Recognizing emotional repression in your feelings regularly feel numb or blank. feel nervous, low, or stressed a lot of the time, even if you aren’t sure why. have a tendency to forget things. experience unease or discomfort when other people tell you about their feelings.
What does a repression involves?
Repression or dis-associative amnesia involves pushing the unpleasant thoughts, feelings, and impulses deep into the unconscious part of the mind. In other words, the person completely forgets the act and the circumstances surrounding it.
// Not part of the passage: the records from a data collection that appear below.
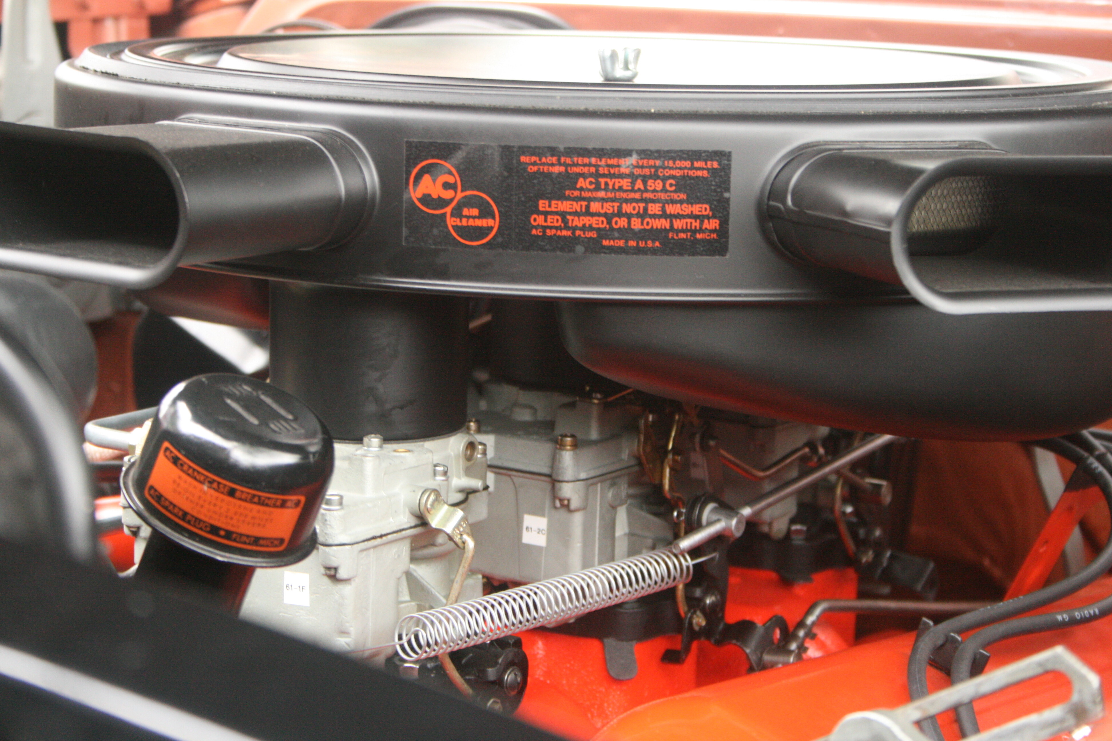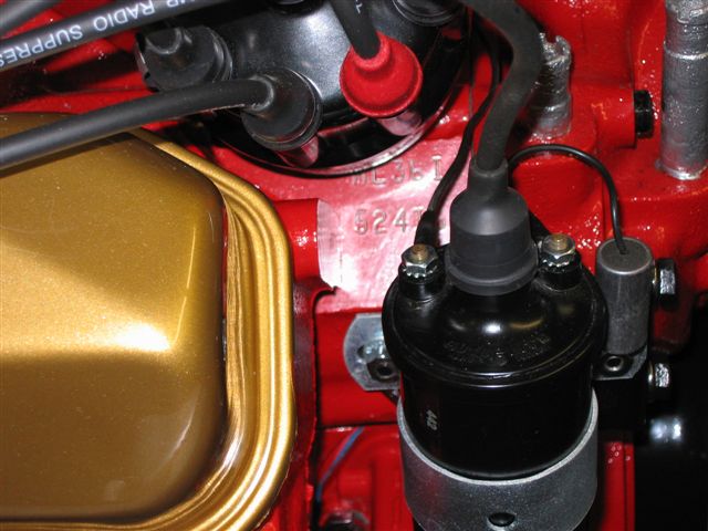 What makes this side interesting: 1) ULTRA RARE exhaust manifold with heat tube 2) WHAT A B**CH, but choke heat tube from manifold is correctly routed 3) Coil mounting bracket MOST RARE of all items! 4) Nice correct little red boot on #1 plug wire
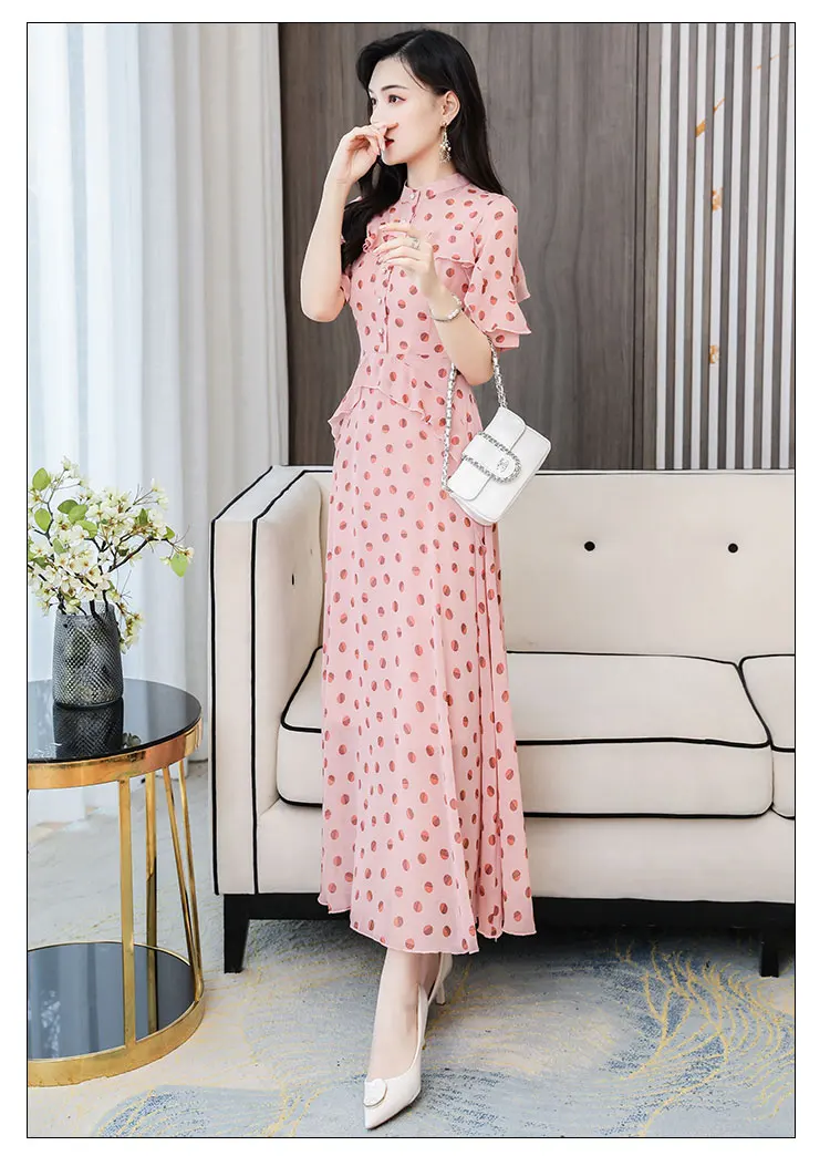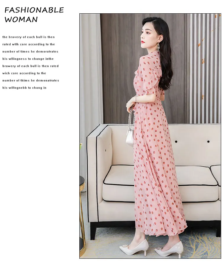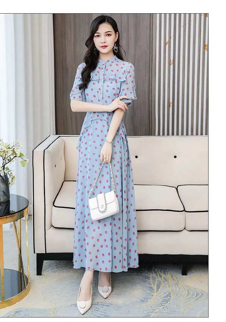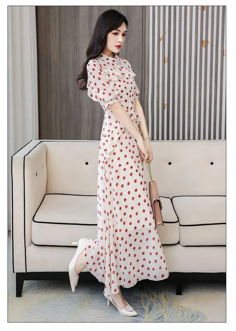 HUTI WJWYL Новое поступление весна лето шифоновые милые макси платья в горошек 3XL размера плюс винтажные Подиумные миди платья элегантные женские облегающие вечерние платья
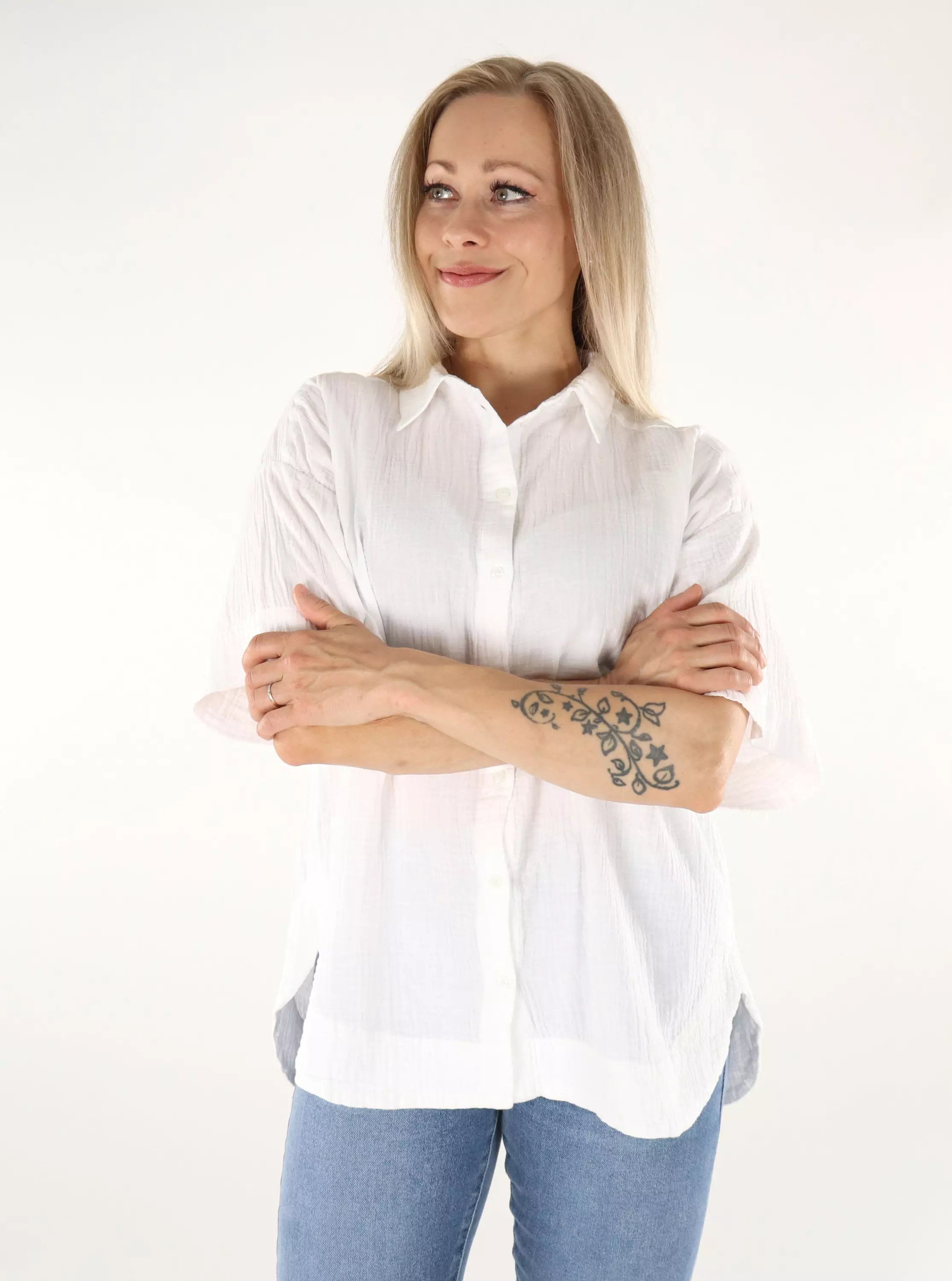 En mjuk skjorta av muslintyg med rundad fåll.

What is an example of repression?
Repression is the act of holding something or someone back, or holding something or someone down. Feelings can be repressed, like when someone is trying not to cry; or society can be repressed, if its government limits the people’s freedoms. An example of repression lies in women being denied certain rights, such as voting, in certain countries.
What is the difference between “oppression” and “repression”?
As nouns the difference between oppression and repression. is that oppression is the exercise of authority or power in a burdensome, cruel, or unjust manner while repression is the act of repressing; state of being repressed. oppression. English. Noun. The exercise of authority or power in a burdensome, cruel, or unjust manner.
What does repression mean psychology?
Repression is the psychological attempt to direct one’s own desires and impulses toward pleasurable instincts by excluding them from one’s consciousness and holding or subduing them in the unconscious.